0
votes

USECASE

HazelcastJet version 0.6.1 Hazelcast version 3.10.2

Given this (simpified version) of a DAG

VERTICES

S1 Source that emits 5 items of type A (read from DB with partitioning) Local parallelism = 1

S2 Source that emits 150K items of type B (Iterator that read from DB in batch of 100 with partitioning) Local parallelism = 1

AD Processor that adapts types A->A1 and B->B1 and emits one by one

FA Processors.filterP that accepts only items of type A1 and emits one by one

FB Processors.filterP that accepts only items of type B1 and emits one by one

CL Processor that first accumulate all items of type A1, then when it receive an item of type B1, enriches it with some staff got from proper A1, and emit, one by one.

WR Sink that writes B1 Local parallelism = 1

NOTE: Just to give meaning to the filter processor: in the DAG there are other sources that flows into the same adapter AD and then goes to other paths using filter processors.

EDGES

S1 --> AD

S2 --> AD

AD --> FA (from ordinal 0)

AD --> FB (from ordinal 1)

FA --> CL (to ordinal 0 with priority 0 distributed and broadcast)

FB --> CL (to ordinal 1 with priority 1)

CL --> WR

PROBLEM

If source S2 have "few" items to load (i.e. 15K) the emitFromTraverser never returns false.

If source S2 have "many" items to load (i.e. 150K) the emitFromTraverser returns false after:

  • All A1 items have been processed by CL
  • About 30% of B1 items have already been transmitted to CL but no one have been processed by CL (DiagnosticProcessor log that element are sent to CL but not processed)

S2 code for reference:

protected void init(Context context) throws Exception {
    super.init(context);
    this.iterator = new BQueryIterator(querySupplier, batchSize);
    this.traverser = Traversers.traverseIterator(this.iterator);
}

public boolean complete() {
    boolean result = emitFromTraverser(this.traverser);
    return result;
}

QUESTION

  • Is it correct that CL doesn't process items until source ends?
  • Is the usage of priority + distributed + broadcast correct on CL Vertex?

UPDATE

It seems that the completeEdge on CL edge 1 is never called. Someone can tell me why?

Thanks!

2

2 Answers

2
votes

You suffer from a deadlock caused by priority. Your DAG branches from AD and then rejoins in CL, but with a priority.

AD --+---- FA ----+-- CL
      \          /
       +-- FB --+

Setting a priority causes that no item from lower-priority edge is processed before all items from higher-priority edge are processed. AD will eventually get blocked by backpressure from the lower-priority path, which is not processed by CL. So AD is blocked because it can't emit to the lower priority edge and CL is blocked, because it it's still waiting for items from the higher priority edge, resulting in a deadlock.

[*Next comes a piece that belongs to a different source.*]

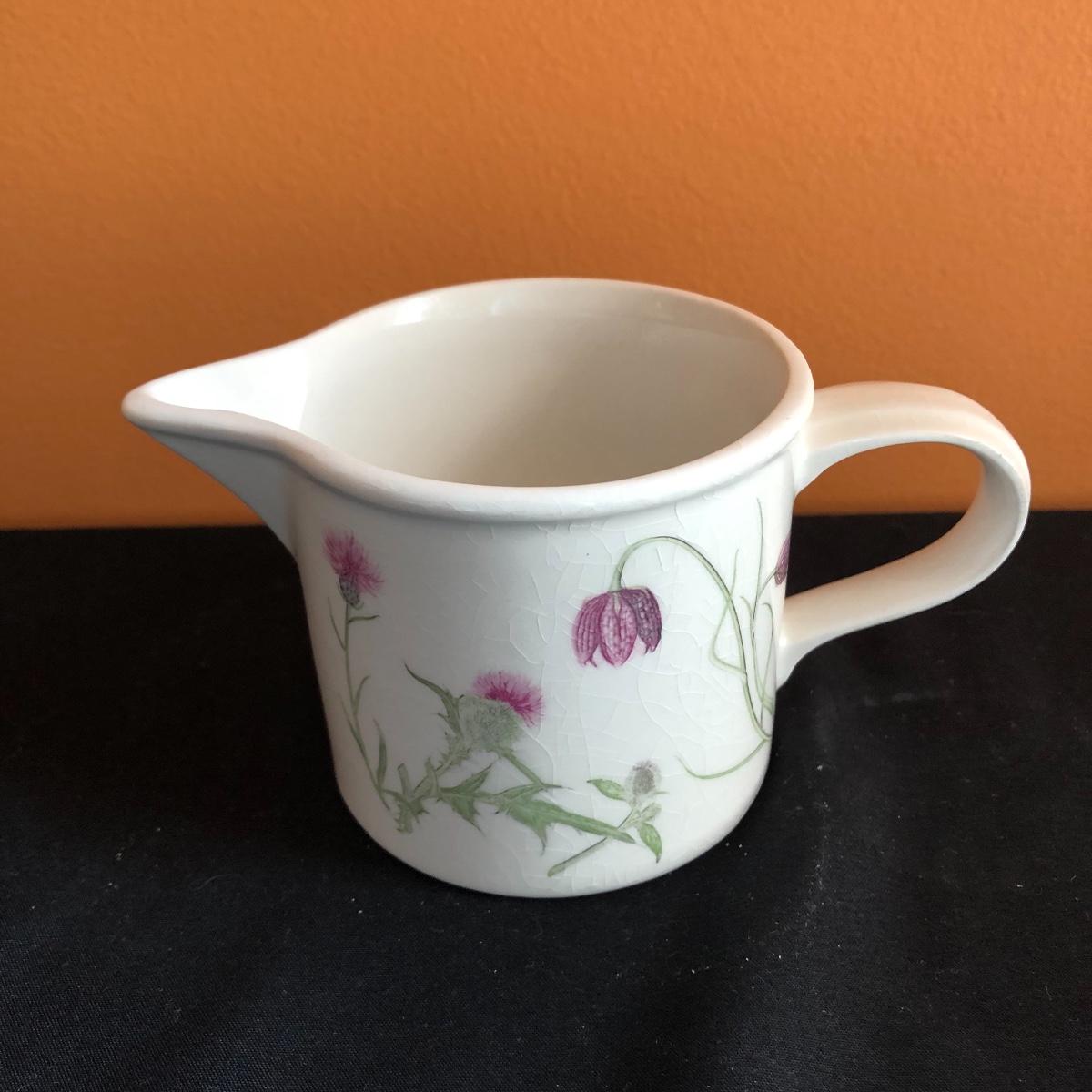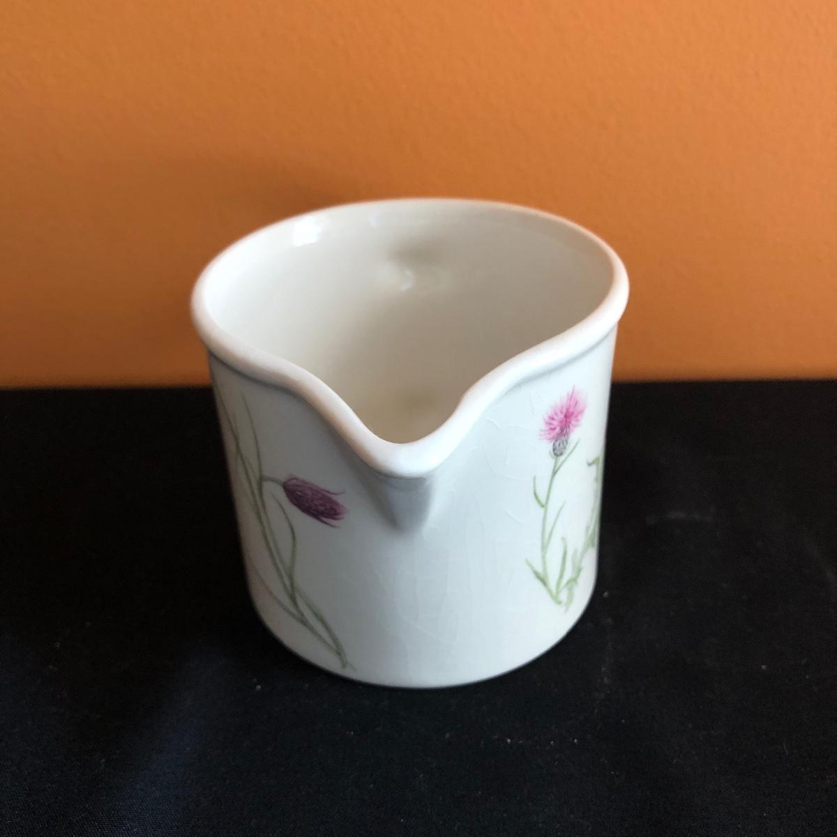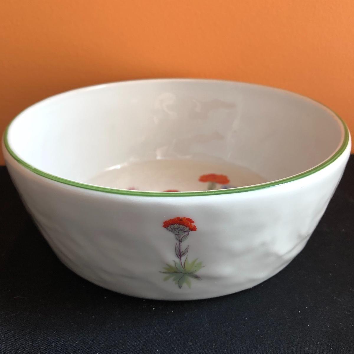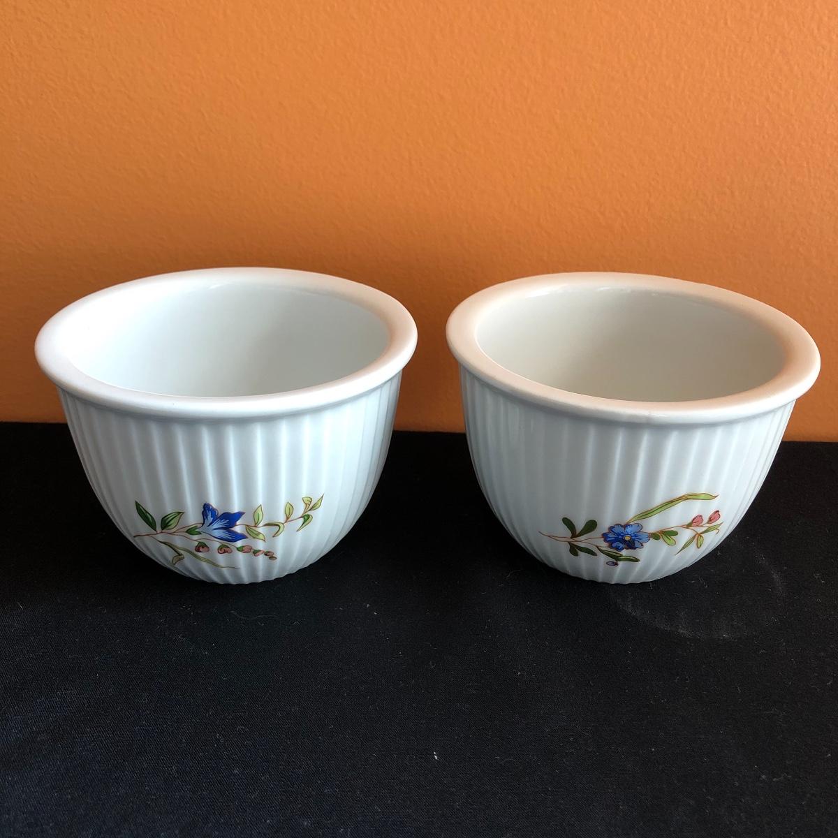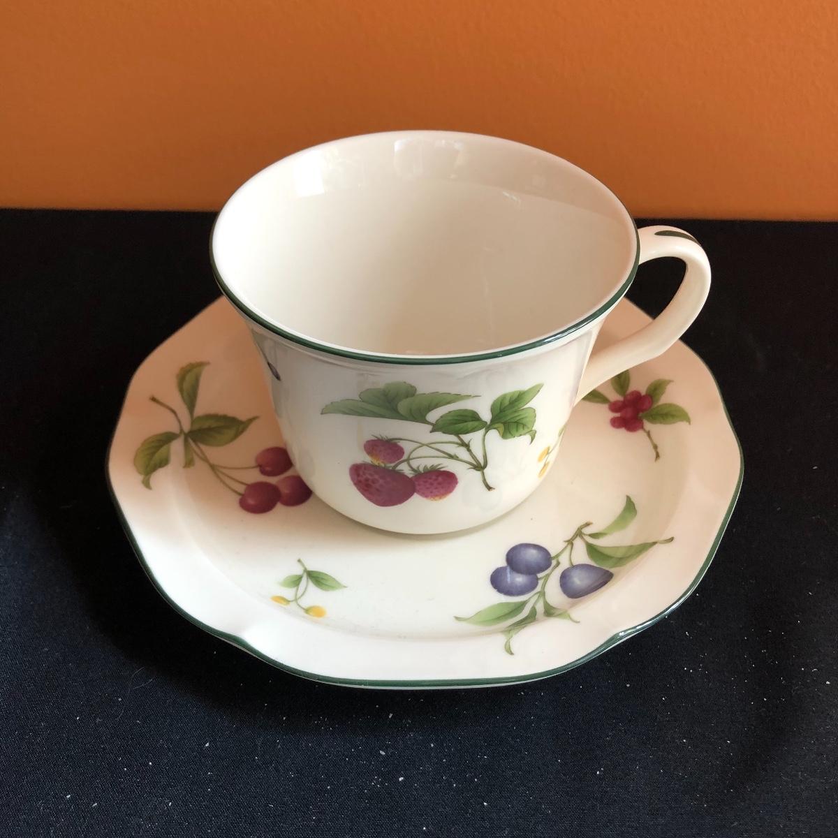 With this collection of floral Portmeirion and other ceramic-ware, you will be well prepared for any hosting occasion. The first items in this lot are a Royal Worcester Evesham cylindrical pot, a Corden Bleu ovular baking dish, two small Corden Bleu bowls, a Noritake Gala Cuisine teacup and saucer, and a Tullium mug. The Portmeirion items included are a small circular dish, matching cream and sugar dishes, six cheese knives, and a larger aerated knife. Remaining are a pepper shaker, a cake server, a small lidded jar, a floral mug by Roy Kirkham, a porcelain bowl made in France, a deep bowl, a shallow octagonal dish with fruit decor, and lastly, a shallow dish with decorative blackberries. Keep the charcuterie coming with this assortment of dishes from England, France, Japan, and China!

In your case, you can resolve it by making 2 AD vertices, each processing items from one of the sources:

S1 --- AD1 ----+--- CL
              /
S2 --- AD2 --+
0
votes

After a while I've understood what's the problem...

CL processor cannot know when all the A1 items have been processed because all items they all come from the AD processor. So it need to wait for all sources coming from AD before starting the processing of B1 items.

Not sure but probably after a lot of items B loaded, all Inboxes buffers in the DAG become full and can't accept any other B from S2, but at the same time cannot process B1 items to continue: that's the deadlock.

Maybe DAG would be able to detect this? I don't know Jet so deeply but it would be nice to have that warning.

Maybe is there some logging to enable?

I hope someone can confirm my answer and suggest how to improve and detect these problems.